Question 24.5: A Plane of Charge Find the electric field due to an infinite......

Conceptualize Notice that the plane of charge is infinitely large. Therefore, the electric field should be the same at all points equidistant from the plane.

Categorize Because the charge is distributed uniformly on the plane, the charge distribution is symmetric; hence, we can use Gauss’s law to find the electric field.

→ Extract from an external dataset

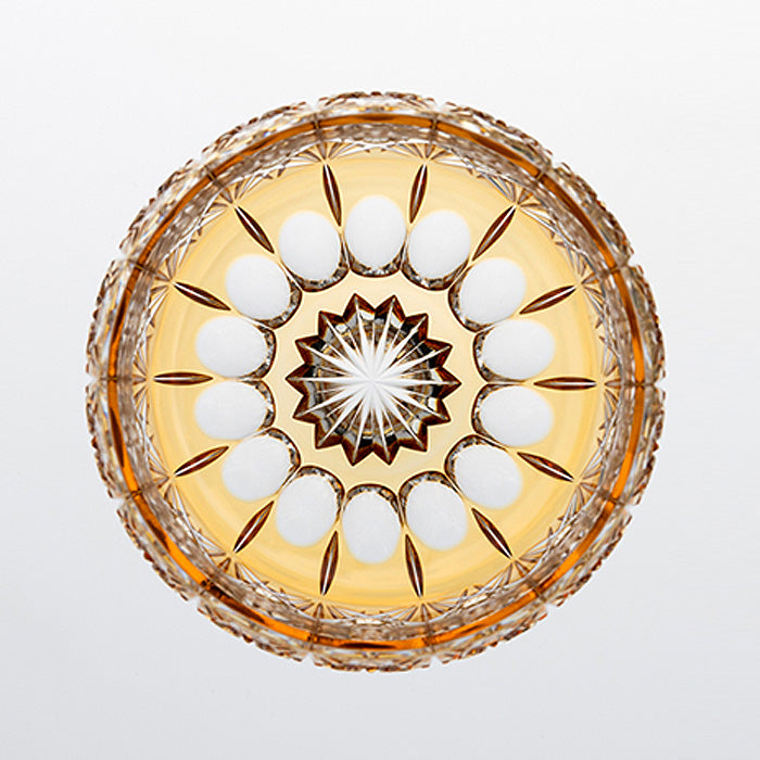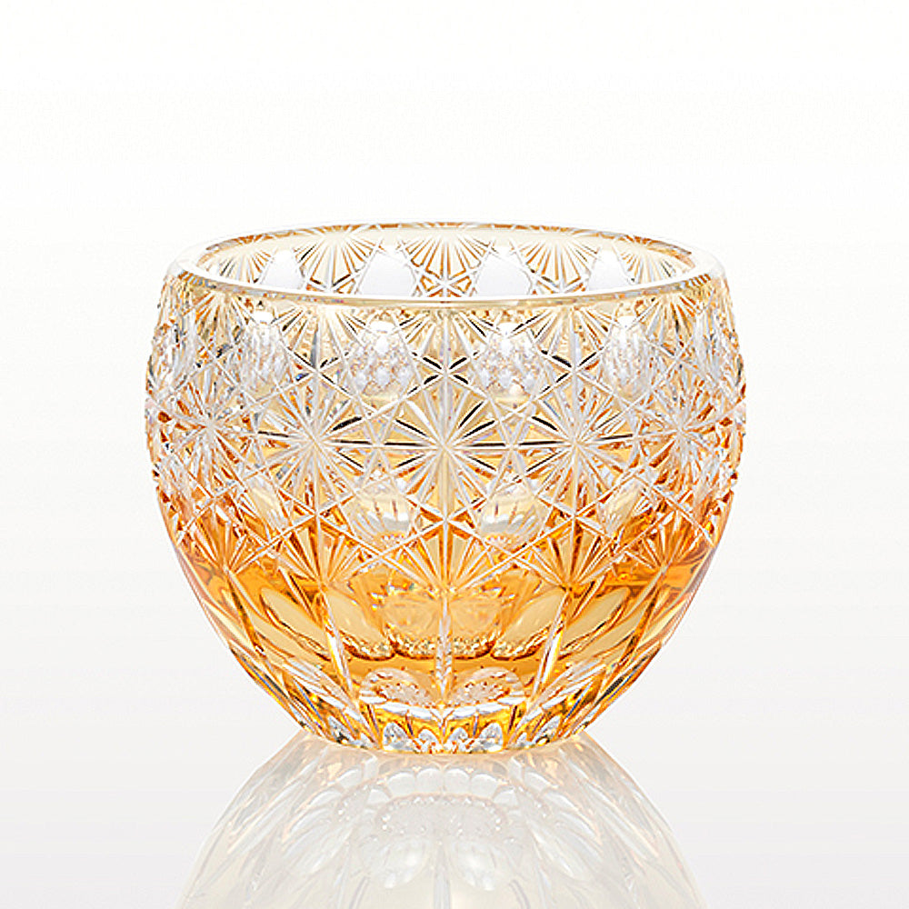 熟達した技術、そして伝統工芸に関する知識と経験、それら全てを満たし指定の試験に合格した者のみが、「伝統工芸士」という名称を名乗ることを許されます。こちらはその伝統工芸士に認定された鍋谷淳一氏がデザイン・カットを施した冷酒杯です。 菊つなぎと玉カットを組み合わせた、玉菊つなぎが特徴的で、使用する場の雰囲気を華やかに演出します。

Analyze By symmetry, \overrightarrow{\mathbf{E}} must be perpendicular to the plane at all points. The direction of \overrightarrow{\mathbf{E}} is away from positive charges, indicating that the direction of \overrightarrow{\mathbf{E}} on one side of the plane must be opposite its direction on the other side as shown in Figure 24.13. A gaussian surface that reflects the symmetry is a small cylinder whose axis is perpendicular to the plane and whose ends each have an area A and are equidistant from the plane. Because \overrightarrow{\mathbf{E}} is parallel to the curved surface-and therefore perpendicular to \overrightarrow{d \mathbf{A}} everywhere on the surfacecondition (3) is satisfied and there is no contribution to the surface integral from this surface. For the flat ends of the cylinder, conditions (1) and (2) are satisfied. The flux through each end of the cylinder is E A; hence, the total flux through the entire gaussian surface is just that through the ends, \Phi_{E}=2 E A.

Write Gauss’s law for this surface, noting that the enclosed charge is q_{\text {in }}=\sigma A :

\Phi_{E}=2 E A=\frac{q_{\text {in }}}{\epsilon_{0}}=\frac{\sigma A}{\epsilon_{0}}

Solve for E :

E=\frac{\sigma}{2 \epsilon_{0}}       (24.8)

Finalize Because the distance from each flat end of the cylinder to the plane does not appear in Equation 24.8, we conclude that E=\sigma / 2 \epsilon_{0} at any distance from the plane. That is, the field is uniform everywhere.